The core of the hurricane was expected to scrape the northern coast of the Dominican Republic and Haiti on Thursday and track near Turks and Caicos and southeastern Bahamas later.
The island of Barbuda is a scene of "total carnage" and the tiny two-island nation will seek international assistance, said Gaston Browne, prime minister of Antigua and Barbuda.
Browne said one person was killed on Barbuda. A second storm-related fatality, that of a surfer, was reported on Barbados.
At least half of Puerto Rico's homes and businesses were without power, according to Twitter posts and a message posted by an island utility executive.
The National Hurricane Center NHC said it was the strongest hurricane ever recorded in the Atlantic Ocean and one of the five most forceful storms to hit the Atlantic basin in 82 years.
While Irma's intensity could fluctuate and its precise course remained uncertain, the storm was expected to remain at least a Category 4 before arriving in Florida.

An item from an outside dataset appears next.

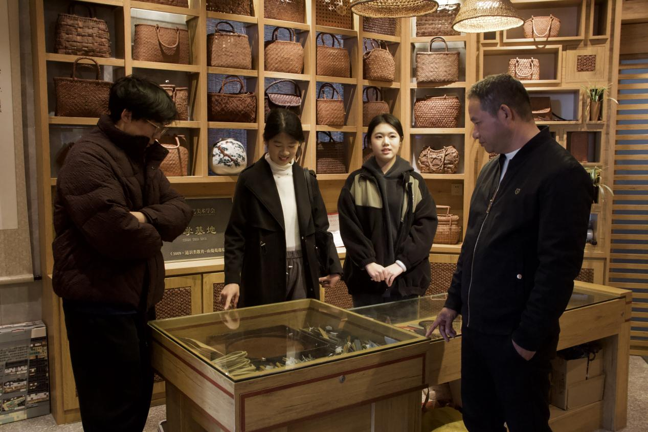 藤编非遗代表性传承人张庆明为实践队成员讲解 齐楚涵供图

Hurricane Andrew struck just south of Miami in 1992 with winds topping 165 mph (265 kph), killing 65 people and inflicting $26 billion in damage. It was at the time the most expensive natural disaster in US history.
"We'll see what happens," President Donald Trump said in Washington. "It looks like it could be something that could be not good, believe me, not good."
Trump's exclusive Mar-a-Lago resort in Palm Beach — the unofficial Southern White House — sits in the path of the storm.